Goal: I would like a third tab with a output equivalent to writing both texts to files and opening them with vimdiff
.
The closest I can find is "diff the current buffer against a file", but not diff
ing two open but unsaved buffers.
Upvotes: 124
Views: 40248
Reputation: 1925
The content of all tabs are inside the buffers. Look at the buffers:
:buffers
Find the right number for the content which should be diffed with your current tab content.
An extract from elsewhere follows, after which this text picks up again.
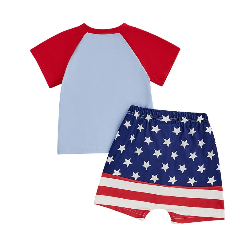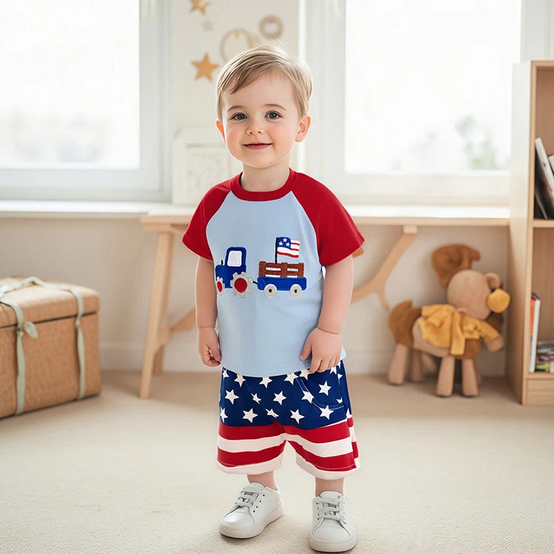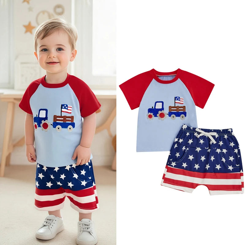 0-4Y American Flag Baby Boys Clothes Sets Tractor Embroidery Patchwork Short Sleeves T-Shirt Star Stripe Shorts

Open the buffer inside your current tab (f.e. buffer number 4)
:sb 4
Or do for vertical view:
:vertical sb 4
Then you can simple diff the content with
:windo diffthis
If you finished diff analysis you can input:
:windo diffoff
Upvotes: 5
Reputation: 2091
When you have two files opened in vertical splitt, run
:windo diffthis
Upvotes: 27
Reputation: 2490
I suggest opening the second file in the same tab instead of a new one.
Here's what I usually do:
:edit file1
:diffthis
:vnew
:edit file2
:diffthis
The :vnew
command splits the current view vertically so you can open the second file there. The :diffthis
(or short: :difft
) command is then applied to each view.